There are a number of ways to get around this problem: we can be clever about the initialization of our parameters or use activation functions that make explosion/vanishing unlikely, for example using ReLU instead of Sigmoid or hyperbolic tangent since ReLU yields unit derivative for positive inputs. However, that’s still not a thorough fix.
Long-Short Term Memory
The mitigation for this situation is a new architecture, one that allows information to flow through the network for arbitrarily long periods of timesteps without having to flow through expensive gradient computations. One such network architecture is Long-Short Term Memory or LSTM networks.
There are two important distinctions about LSTMs:
- They maintain separate cell state from what is outputted in order to isolate the complex calculations needed to update the cell’s state from what will be needed to calculate gradients for BPTT
- They add or remove information to the cell’s state through structures called gates (similar to the ideas of gates in Digital Logic Design)
Let’s take a quick look at the schema of an LSTM cell:
As mentioned before, the cells keep an internal state \(c_t\) that they cram information into. At every time step, there are two main steps that LSTM cells do:
- Update its internal state
- Generate an output based on the cell state
Update
Updating itself is done in two steps: forget and add.
Forget
Forget is a sigmoid layer that looks at the previous state and current input and outputs a number between 0 and 1 for each bit in the state which represents the portion of it that should be kept. \(f_t = \sigma(W_f \dot [h_{t-1}, x_t] + b_f)\)
Add
Now, we have to decide what to add to our state. This is done in two steps: candidate generation and candidate selection, where candidates are elements of the state and input vectors concatenated.
Candidate generation
\[\tilde{C}_t = tanh(W_C \dot [h_{t-1}, x_t] + b_C)\]Candidate selection (input gate)
\[i_t = \sigma(W_i \dot [h_{t-1}, x_t] + b_i)\]Now we simply have to use these quantities to update the cell by forgetting and adding the appropriate information.
\[C_t = f_t*C_{t-1} + i_t*\tilde{C}_t\]Output
Now that we have our updated state, we transform and gate it to produce the final cell output.
Output gate \(o_t = \sigma(W_o \dot [h_{t-1},x_t] + b_o)\)

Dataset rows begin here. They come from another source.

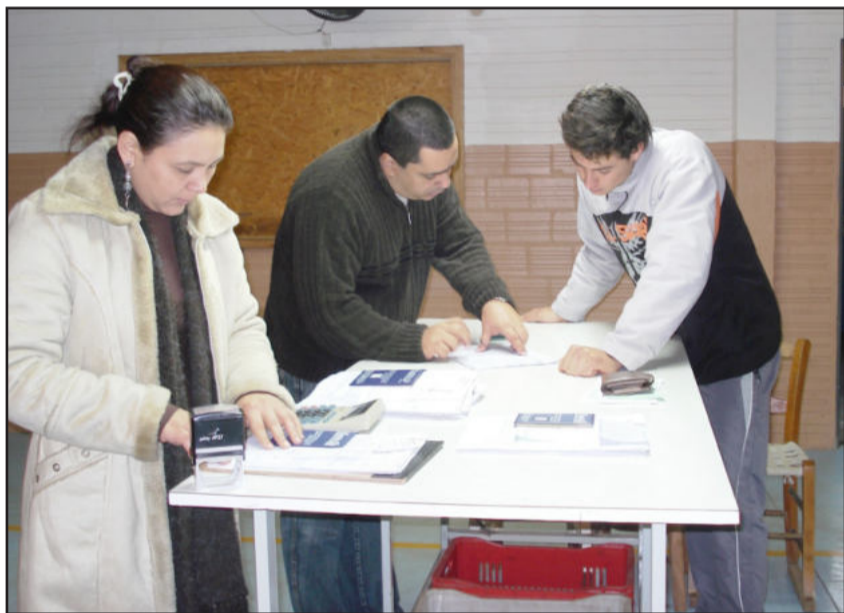
Sintracave assegurou direitos trabalhistas para funcionários da Working

Na quinta-feira, dirigentes do Sintracave estiveram no prédio da empresa para regularizar as rescisórias trabalhistas. Houve acerto no sentido de que todos os trabalhadores fossem contemplados com seus direitos, inclusive uma mulher grávida e trabalhadores com estabilidade foram devidamente indenizados.
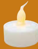
LEDキャンドル (テスト電池付き)
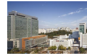
서울성모병원(1,375병상) 서울시 서초구 반포대로 222

8개 병원 총 6,440여 병상의 가톨릭대학교 부속병원은 국내 간호대학 중 최고의 실습 환경을 자랑합니다.
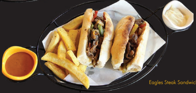
Eagles Steak Sandwich
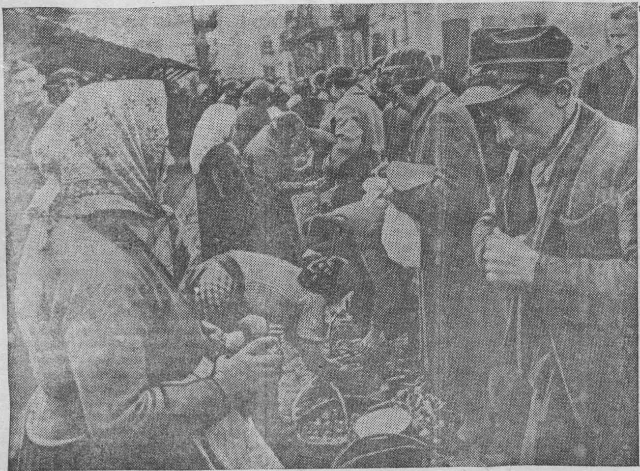
По городам и селам Западной Украины. На снимке: На базаре в гор. Ровно.

Transform and apply gate \(h_t = o_t * tanh(C_t)\)
Wrap-up
Notice how in this formulation, gradients of \(C_t\) can flow through the top of the cell unaffected by the heavy computation going on local to each cell. This was the main motivation behind LSTMs, and why they allow networks to reason using long-term dependencies.
It’s worth noting that there are many variants of LSTM cells, all implementing the same idea with slightly different mechanics, ex. via adding peephole connections or coupling the forget and input gates more closely than we have done.
A popular variant of LSTM cells is Gated Recurrent Unit (GRU) cells. It works by combining the update and forget gate, and merging the cell state and hidden state (\(c_t\) and \(h_t\)) among other changes. It is worth noting that GRU cells are a bit more computationally inexpensive and thus are used widely in practice.
Please check out Chris Olah’s blog for more explanations and awesome graphics (some of which I’ve used here) and MIT’s intro course for Deep Learning for more reading and tutorials on these topics.